Biopharmaceutical product development is a highly speculative undertaking and involves a substantial degree of risk. We are a clinical-stage biopharmaceutical company with a limited operating history upon which you can evaluate our business and prospects. We currently have no products approved for commercial sale, have not generated any revenue from the sale of products and have incurred losses in each year since our inception in 2017. In addition, we have limited experience as a company and have not yet demonstrated an ability to successfully overcome many of the risks and uncertainties frequently encountered by companies in new and rapidly evolving fields, particularly in the biopharmaceutical industry. 

On August 8, 2024, we announced topline results from the Phase 2 part of the EBO-301 Phase 2/3 study evaluating epetraborole on top of optimized background regimen (“OBR”) in treatment-refractory MAC lung disease.
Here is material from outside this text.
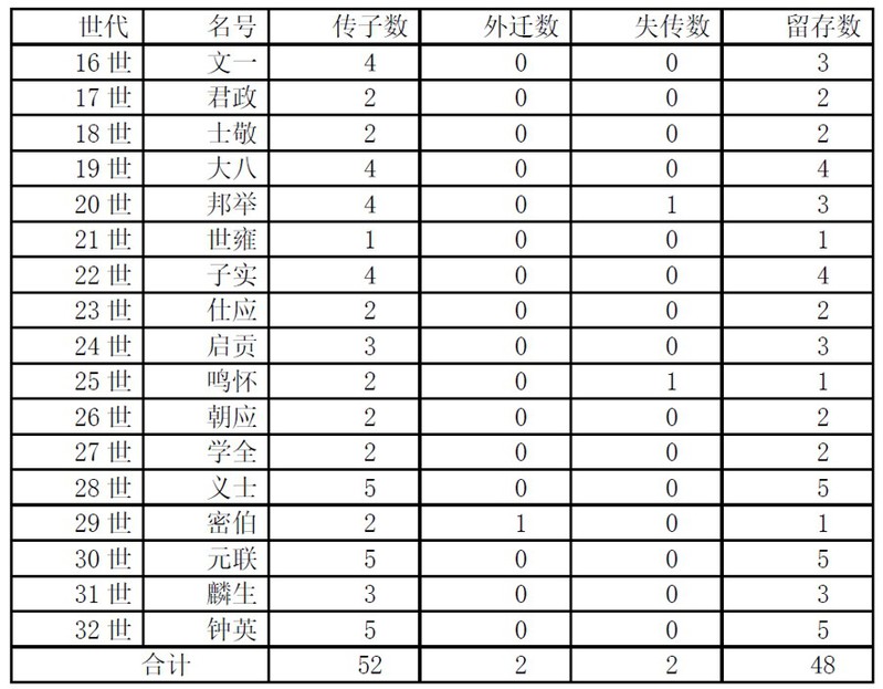 自宋代以降,尽管有不少朱氏族人失传或外迁,仍有若干较为强盛的支系,依然世代聚居于本地,其人口增长速度也是相当快的。兹以子唐派下十六至三十二世的某一支系为例,探讨朱氏聚居规模的扩展趋势,见下表。

The Phase 2 part of the study met its primary objective of demonstrating the potential validation of a novel patient-reported outcome (PRO) tool and a higher PRO-based clinical response rate in the epetraborole + OBR arm (39.5%) vs. placebo + OBR (25.0%; treatment difference 13.9%, p=0.19). Sputum culture conversion at Month 6, a key secondary endpoint, was similar between treatment arms (13.2% in epetraborole + OBR vs. 10.0% placebo + OBR; treatment difference 3.4%, p=0.64). Epetraborole was generally well tolerated in the trial. 
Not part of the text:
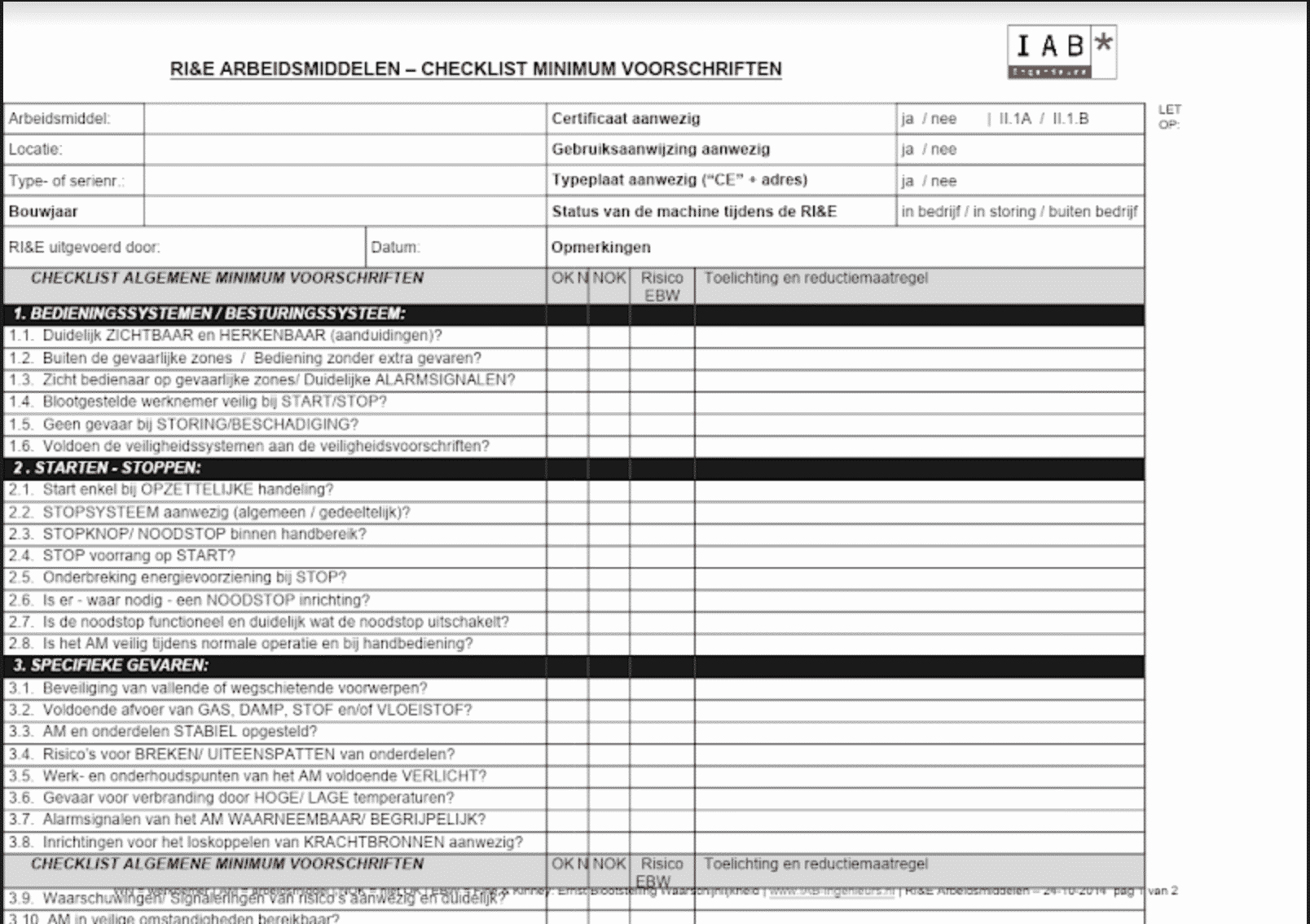 Een nieuwe machine met CE-markering dient door de werkgever altijd nog te worden gecontroleerd middels een RI&E. De ‘Checklist minimum voorschriften voor arbeidsmiddelen’ is gebaseerd op de Europese richtlijn arbeidsmiddelen. In Nederland is de richtlijn Arbeidsmiddelen opgenomen in de Arbowet. In België is het onderdeel van de Codex. De checklist minimum voorschriften is de controle die altijd moet worden gedaan. Daarnaast wordt aanbevolen om de risicobeoordeling te maken volgens de EN ISO 12100.

Our net loss was $51.3 million and $64.7 million for the years ended December 31, 2024 and 2023, respectively. As of December 31, 2024, we had an accumulated deficit of $205.8 million. We have funded our operations to date primarily with proceeds from our underwritten offering (the "Underwritten Offering), our “at-the-market” equity offering program (“ATM Offering”), our IPO, and the sale of our redeemable convertible preferred stock. We have devoted substantially all of our financial resources and efforts to research and development, including preclinical and nonclinical studies, manufacturing, clinical trials, and general and administrative costs associated with our operations. We expect to continue to incur significant expenses and operating losses over the next several years. Our net losses may fluctuate significantly from quarter to quarter and year to year.